Scaling Laws for Reward Model Overoptimization

This is really interesting, and answered a number of questions I had about fine-tuning/RLHF. I have a few more questions though (please feel free to ignore ones that are a ton of work/not worth answering in your view):

In the caption to Figure 9 you say "We observe the effect of the KL penalty on the gold score as being equivalent to early stopping." Is this something you quantified? It's a little hard to visually make the comparison between e.g. Figure 9 and Figure 1b. Basically what I'm wondering is: Is a non-penalized model stopped at KL distance d equivalent (on the Gold RM) to a penalized model that converged to the same distance?
Similar to (1), I'd be really interested in seeing the KL distance between an early-stopped model and a KL-penalized model (putting the early stopping threshold at the distance that the penalized model converges to). Are they close to each other (suggesting they've learned something similar, and are different from the pretrained model in the same way)?
How much does RL reduce the entropy of the output? If you made Figure 1 with "output entropy" on the horizontal rather than KL distance would you see something similar?

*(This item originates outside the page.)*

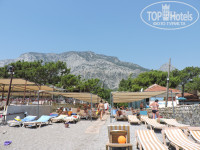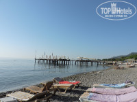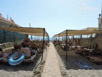 Пляж: До пляжа надо топать где то 5 мин. Пирс понтонный я видел, почему то на берегу. В море его то ли еще не спустили, то ли уже не спустят. Сам пляж маленький, лежаков на всех не хватает, особенно под навесами. Бар имеется. Предлагается вода, соки (порошковые) и кофе. Из 10 дней кофе машина не работала всего 2 раза. Сам пляж песчано - галечный. Надо иметь ввиду что заходить надо аккуратно, ибо уже через метр - полтора начинаются скользкие и большие валуны.
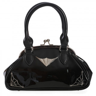 Sac à main verni noir à décorations toiles d'araignée

Anyway, this is super cool stuff and I'm really glad to see this because I feel uneasy at how little we understand what RL/fine-tuning is doing to models relative to how much it seems to matter for performance...

[-]Jacob_Hilton3y20

We are just observing that the gold RM score curves in Figure 9 overlap. In other words, the KL penalty did not affect the relationship between KL and gold RM score in this experiment, meaning that any point on the Pareto frontier could be reached using only early stopping, without the KL penalty. As mentioned though, we've observed this result to be sensitive to hyperparameters, and so we are less confident in it than other results in the paper.
I don't have this data to hand unfortunately.
I don't have this data to hand, but entropy typically falls roughly linearly over the course of training, sometimes slightly faster towards the start, and typically moving around more than KL. So I'd expect the graph to look somewhat similar, but for it to be noisier and for the functional form to not fit as well.

[-]Adam Jermyn3y10

Got it, thanks!

[-]Charlie Steiner3y10

Did you notice any qualitative trends in responses as you optimized harder for the models of the gold RM? Like, anything aside from just "sounding kind of like instruct-GPT"?